**AIM OF THE EXERCISE**
Both the line with "NASDAQ100,08:35:31.- Ya venimos" and the line with "Wygoda służy ludziom" in the records below must appear in the output, along with every line between them, exactly and with nothing added.

**DATASET CONTENT**
-----
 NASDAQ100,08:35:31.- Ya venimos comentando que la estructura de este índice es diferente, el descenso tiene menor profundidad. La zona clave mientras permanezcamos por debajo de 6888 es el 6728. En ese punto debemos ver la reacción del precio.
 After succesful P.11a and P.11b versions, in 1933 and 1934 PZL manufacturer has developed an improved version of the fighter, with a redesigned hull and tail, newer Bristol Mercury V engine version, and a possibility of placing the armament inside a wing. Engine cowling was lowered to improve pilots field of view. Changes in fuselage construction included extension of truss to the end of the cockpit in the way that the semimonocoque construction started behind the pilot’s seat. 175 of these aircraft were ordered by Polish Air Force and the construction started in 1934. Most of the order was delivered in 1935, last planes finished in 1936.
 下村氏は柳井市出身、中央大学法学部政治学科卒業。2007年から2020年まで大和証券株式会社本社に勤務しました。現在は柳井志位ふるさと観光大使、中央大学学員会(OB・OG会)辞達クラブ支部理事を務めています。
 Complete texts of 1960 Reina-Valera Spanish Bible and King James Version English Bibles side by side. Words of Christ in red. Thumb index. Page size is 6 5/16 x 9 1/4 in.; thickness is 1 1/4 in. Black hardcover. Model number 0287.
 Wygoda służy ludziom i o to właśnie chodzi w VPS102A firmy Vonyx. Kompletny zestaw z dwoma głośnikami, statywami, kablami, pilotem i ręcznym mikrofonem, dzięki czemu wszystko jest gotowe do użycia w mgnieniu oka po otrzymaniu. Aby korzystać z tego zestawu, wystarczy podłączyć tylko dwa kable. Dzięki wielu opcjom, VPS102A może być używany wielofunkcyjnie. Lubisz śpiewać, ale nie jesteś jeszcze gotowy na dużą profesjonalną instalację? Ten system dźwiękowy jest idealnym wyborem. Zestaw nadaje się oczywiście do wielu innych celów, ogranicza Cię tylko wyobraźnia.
-----
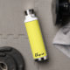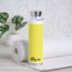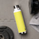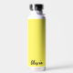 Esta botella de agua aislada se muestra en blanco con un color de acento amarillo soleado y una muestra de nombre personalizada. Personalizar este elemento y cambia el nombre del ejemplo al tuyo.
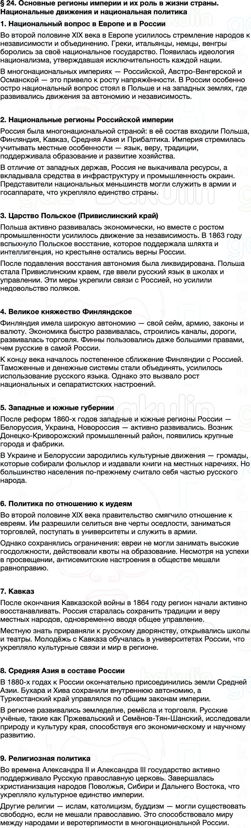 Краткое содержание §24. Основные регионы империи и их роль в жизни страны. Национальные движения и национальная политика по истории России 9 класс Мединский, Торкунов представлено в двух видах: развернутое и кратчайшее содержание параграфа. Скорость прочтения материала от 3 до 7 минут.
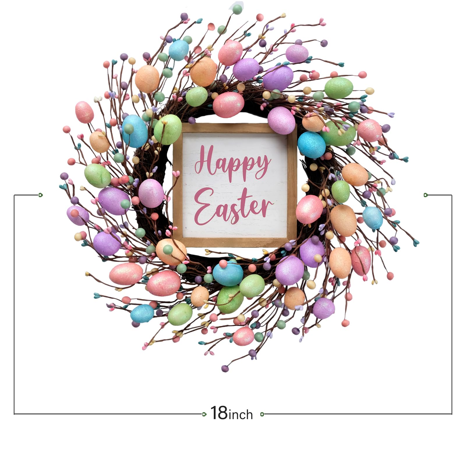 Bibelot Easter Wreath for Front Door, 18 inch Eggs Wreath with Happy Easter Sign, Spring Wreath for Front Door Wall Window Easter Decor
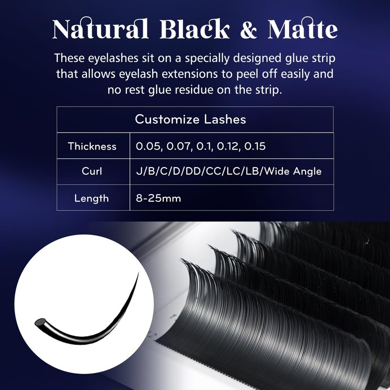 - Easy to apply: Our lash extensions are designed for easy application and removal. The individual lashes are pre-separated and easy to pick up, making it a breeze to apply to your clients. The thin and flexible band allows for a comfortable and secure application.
-----
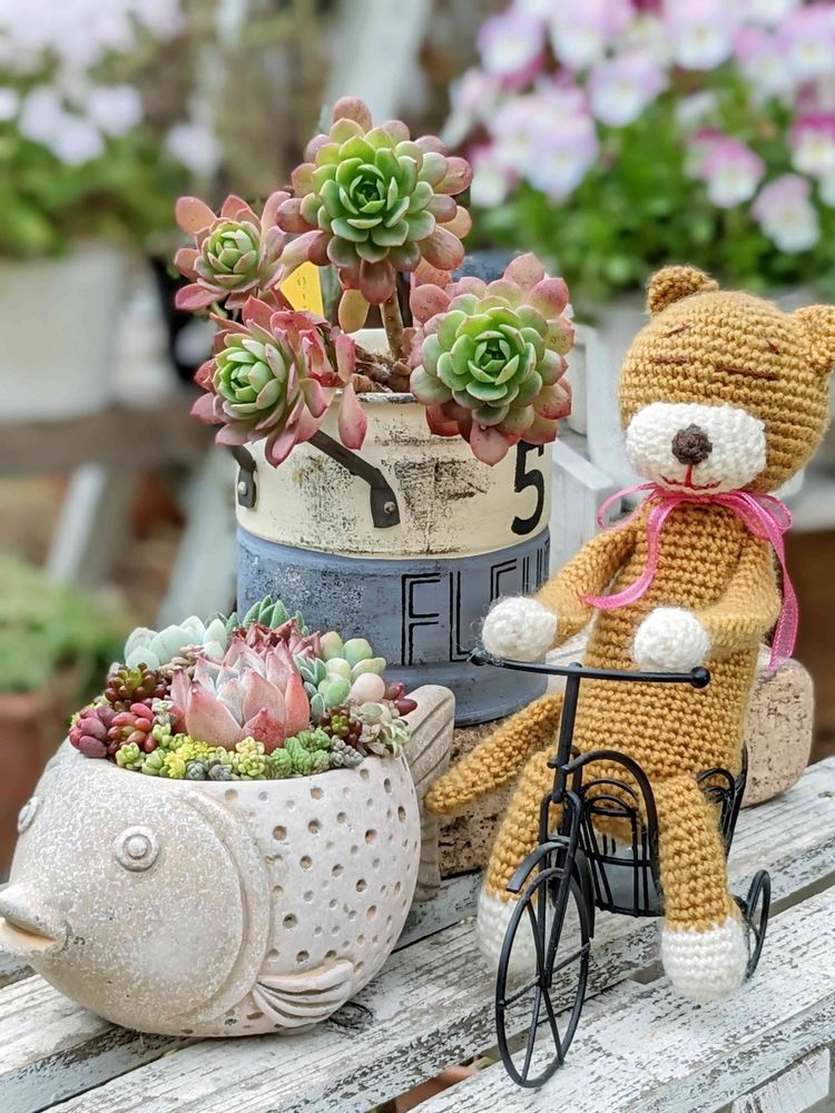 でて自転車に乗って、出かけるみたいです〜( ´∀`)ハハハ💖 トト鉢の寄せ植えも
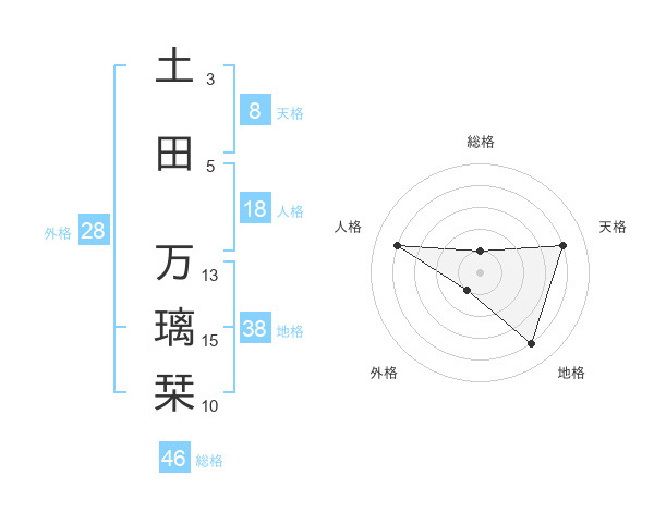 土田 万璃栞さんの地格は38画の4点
-----
**ANSWER BOX**
 NASDAQ100,08:35:31.- Ya venimos comentando que la estructura de este índice es diferente, el descenso tiene menor profundidad. La zona clave mientras permanezcamos por debajo de 6888 es el 6728. En ese punto debemos ver la reacción del precio.
 After succesful P.11a and P.11b versions, in 1933 and 1934 PZL manufacturer has developed an improved version of the fighter, with a redesigned hull and tail, newer Bristol Mercury V engine version, and a possibility of placing the armament inside a wing. Engine cowling was lowered to improve pilots field of view. Changes in fuselage construction included extension of truss to the end of the cockpit in the way that the semimonocoque construction started behind the pilot’s seat. 175 of these aircraft were ordered by Polish Air Force and the construction started in 1934. Most of the order was delivered in 1935, last planes finished in 1936.
 下村氏は柳井市出身、中央大学法学部政治学科卒業。2007年から2020年まで大和証券株式会社本社に勤務しました。現在は柳井志位ふるさと観光大使、中央大学学員会(OB・OG会)辞達クラブ支部理事を務めています。
 Complete texts of 1960 Reina-Valera Spanish Bible and King James Version English Bibles side by side. Words of Christ in red. Thumb index. Page size is 6 5/16 x 9 1/4 in.; thickness is 1 1/4 in. Black hardcover. Model number 0287.
 Wygoda służy ludziom i o to właśnie chodzi w VPS102A firmy Vonyx. Kompletny zestaw z dwoma głośnikami, statywami, kablami, pilotem i ręcznym mikrofonem, dzięki czemu wszystko jest gotowe do użycia w mgnieniu oka po otrzymaniu. Aby korzystać z tego zestawu, wystarczy podłączyć tylko dwa kable. Dzięki wielu opcjom, VPS102A może być używany wielofunkcyjnie. Lubisz śpiewać, ale nie jesteś jeszcze gotowy na dużą profesjonalną instalację? Ten system dźwiękowy jest idealnym wyborem. Zestaw nadaje się oczywiście do wielu innych celów, ogranicza Cię tylko wyobraźnia.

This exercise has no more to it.